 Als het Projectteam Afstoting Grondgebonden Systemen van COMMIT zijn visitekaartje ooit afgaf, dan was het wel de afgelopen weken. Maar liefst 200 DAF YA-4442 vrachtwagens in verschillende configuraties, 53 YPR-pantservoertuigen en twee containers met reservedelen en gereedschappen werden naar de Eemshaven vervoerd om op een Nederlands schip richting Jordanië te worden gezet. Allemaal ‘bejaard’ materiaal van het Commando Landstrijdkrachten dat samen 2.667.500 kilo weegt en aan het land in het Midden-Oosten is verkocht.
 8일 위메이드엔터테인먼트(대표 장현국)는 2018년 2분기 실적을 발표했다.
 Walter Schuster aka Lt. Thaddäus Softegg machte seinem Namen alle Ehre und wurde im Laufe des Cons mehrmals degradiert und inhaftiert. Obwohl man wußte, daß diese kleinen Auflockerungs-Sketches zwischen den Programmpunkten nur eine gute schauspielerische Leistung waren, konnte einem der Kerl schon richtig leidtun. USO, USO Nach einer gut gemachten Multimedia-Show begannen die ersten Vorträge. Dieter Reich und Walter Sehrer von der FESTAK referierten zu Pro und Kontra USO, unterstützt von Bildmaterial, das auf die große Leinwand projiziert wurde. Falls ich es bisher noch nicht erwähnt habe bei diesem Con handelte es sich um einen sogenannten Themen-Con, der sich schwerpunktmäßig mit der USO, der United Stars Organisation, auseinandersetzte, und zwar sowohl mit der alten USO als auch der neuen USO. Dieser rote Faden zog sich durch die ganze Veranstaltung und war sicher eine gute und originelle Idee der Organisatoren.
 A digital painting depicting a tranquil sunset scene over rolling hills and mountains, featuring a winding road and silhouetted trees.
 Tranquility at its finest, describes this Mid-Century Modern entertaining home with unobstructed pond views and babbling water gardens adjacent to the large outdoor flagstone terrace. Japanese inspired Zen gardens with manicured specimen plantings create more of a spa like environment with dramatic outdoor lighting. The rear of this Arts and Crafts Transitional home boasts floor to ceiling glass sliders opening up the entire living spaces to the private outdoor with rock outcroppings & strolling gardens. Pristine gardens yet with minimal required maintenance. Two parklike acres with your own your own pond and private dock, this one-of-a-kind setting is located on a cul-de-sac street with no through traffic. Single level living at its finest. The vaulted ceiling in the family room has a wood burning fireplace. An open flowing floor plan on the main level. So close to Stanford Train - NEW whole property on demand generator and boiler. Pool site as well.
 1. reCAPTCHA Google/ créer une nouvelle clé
==
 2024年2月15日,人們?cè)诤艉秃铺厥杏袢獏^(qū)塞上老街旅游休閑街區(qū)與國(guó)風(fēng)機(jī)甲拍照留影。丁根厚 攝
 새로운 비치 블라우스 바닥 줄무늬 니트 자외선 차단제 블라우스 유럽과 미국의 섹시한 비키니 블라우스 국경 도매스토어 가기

## What the exercise asks
Produce only the lines from the line containing "A digital painting" through the line containing "1. reCAPTCHA Google/ créer une nouvelle clé", inclusive of both, exactly as they stand in the entries above.

## Solved exercise
 A digital painting depicting a tranquil sunset scene over rolling hills and mountains, featuring a winding road and silhouetted trees.
 Tranquility at its finest, describes this Mid-Century Modern entertaining home with unobstructed pond views and babbling water gardens adjacent to the large outdoor flagstone terrace. Japanese inspired Zen gardens with manicured specimen plantings create more of a spa like environment with dramatic outdoor lighting. The rear of this Arts and Crafts Transitional home boasts floor to ceiling glass sliders opening up the entire living spaces to the private outdoor with rock outcroppings & strolling gardens. Pristine gardens yet with minimal required maintenance. Two parklike acres with your own your own pond and private dock, this one-of-a-kind setting is located on a cul-de-sac street with no through traffic. Single level living at its finest. The vaulted ceiling in the family room has a wood burning fireplace. An open flowing floor plan on the main level. So close to Stanford Train - NEW whole property on demand generator and boiler. Pool site as well.
 1. reCAPTCHA Google/ créer une nouvelle clé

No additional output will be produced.